Mitochondrial Calcium Transport: New Theory of Alzheimer's
For the last several decades, the dominant theory of Alzheimer’s disease was that it was caused by the accumulation of a protein, beta-amyloid, in the brain. However, failed clinical trial after failed clinical trial suggested that either this theory was just plain wrong or incomplete, that there was something else at work. Some researchers believe that a certain type of energy malfunction, particularly related to immune cells in the brain, is a promising theory—and that beta-amyloid and another protein, tau, is still part of the process.
Researchers at Temple University Health System have shown that a type of energy malfunction, called mitochondrial calcium transport remodeling, is involved in the progression of Alzheimer’s disease. This is a mechanism where cells attempt to compensate for decreased energy production and metabolic dysfunction. Initially helpful, this mechanism begins to malfunction, causing drops in mitochondrial function—part of each cell’s energy production system—memory, and cognition. The research was published in the journal Nature Communications.
Problems with calcium regulation and metabolic dysfunction have been associated with Alzheimer’s development and malfunctioning neurons for some time. Intracellular calcium signaling plays an essential role in synaptic transmission and brain cell communication.
“But up to now, no one has investigated the impact of altered calcium transport into and out of the mitochondria on the progression of Alzheimer’s disease,” stated John W. Elrod, associate professor in the Center for Translational Medicine at the Lewis Katz School of Medicine at Temple University (LKSOM) and senior investigator of the research. “Our current study provides a missing link between these two hypotheses of Alzheimer’s pathogenesis.”
One of the most significant regulators of mitochondrial calcium transport is a protein called NCLX. Elrod’s laboratory previously discovered that NCLX mediated calcium efflux (flowing out) from heart cells. But NCLX expression is vital in mitochondrial calcium efflux in neurons.
Elrod and his team studied a mouse model of mitochondrial calcium uptake by neurons in Alzheimer’s disease. The mice had three gene mutations that lead to age-progressive pathology comparable to Alzheimer’s progression in humans. As the mice aged, they saw a steady decrease in protein expression that limited mitochondrial calcium uptake. This resulted in calcium overload, which damaged the cells. This loss of NCLX also seemed to increase the production of oxidants, further damaging the cells.
When the researchers completely eliminated NCLX expression in the forebrain of Alzheimer’s disease mice, they showed significant memory and cognitive impairment. And this led to significant development of beta-amyloid and tau pathology. When NCLX expression was restored, the beta-amyloid and tau clumps decreased, and neuronal mitochondrial calcium levels were reestablished. The cognitive decline stopped.
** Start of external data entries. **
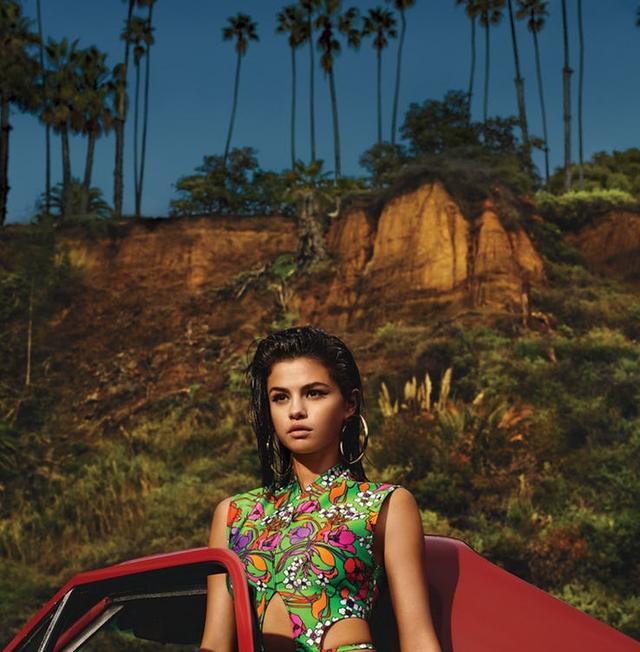 We're finishing the rundown with this notorious photoshoot from Vogue. Selena wore the front of American Vogue interestingly in March 2017. Standing up about her issues with uneasiness and stress, Selena chose it was best to expel herself from the spotlight, companions and even family to detox from the pressure. Turning out more grounded than any time in recent memory, Selena worked this flower child botanical jumpsuit with signature gold band studs. The shoot in the Malibu slopes included Selena driving a little red Corvette.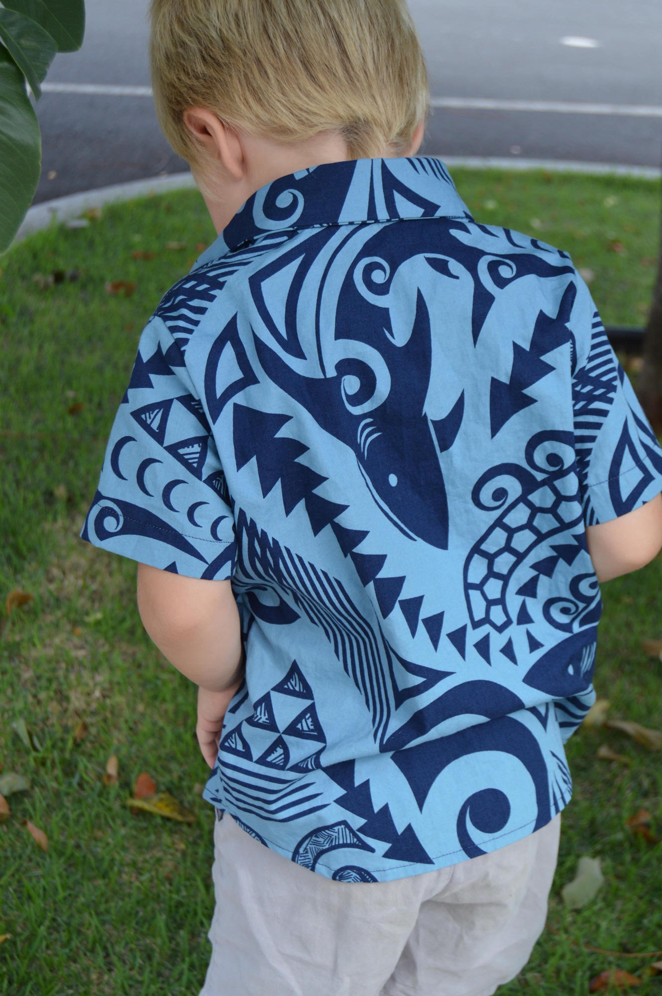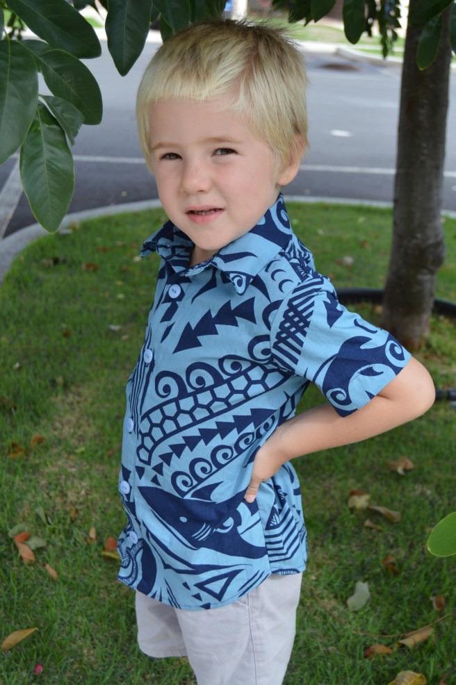 When I showed my son the selection of fabrics he could choose from for a shirt, he only had eyes for the blue shark fabric. Because sharks, duh.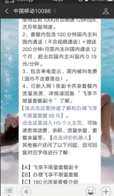 在后台发送“98元无限量套餐”,点击蓝色字体的“请点击这里快速了解和办理飞享不限量套餐98元”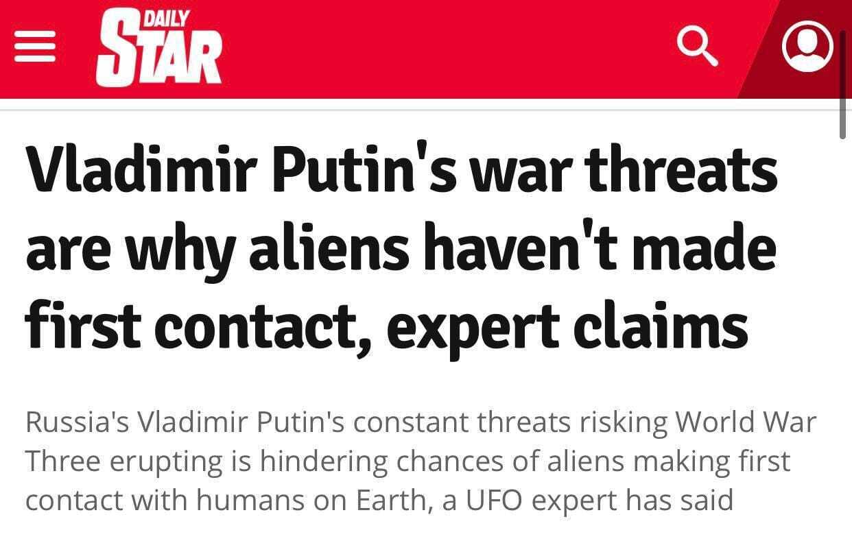 «Постоянные угрозы Владимира Путина, грозящего разразиться Третьей мировой войной, снижают шансы инопланетян на первый контакт с людьми на Земле, заявил эксперт по НЛО», - пишет желторотый Daily Star.

“Our findings indicate that maladaptive remodeling of pathways to compensate for abnormalities in calcium regulation, which perhaps are meant to maintain energy production in cells, lead to neuronal dysfunction and Alzheimer’s pathology,” Elrod said. “Moreover, our data suggest that amyloid beta and tau pathology actually lie downstream of mitochondrial dysfunction in the progression of Alzheimer’s disease, which opens up a new therapeutic angle.”
The researchers plan to work on further describing the metabolic dysfunction that occurs before symptoms of Alzheimer’s appear.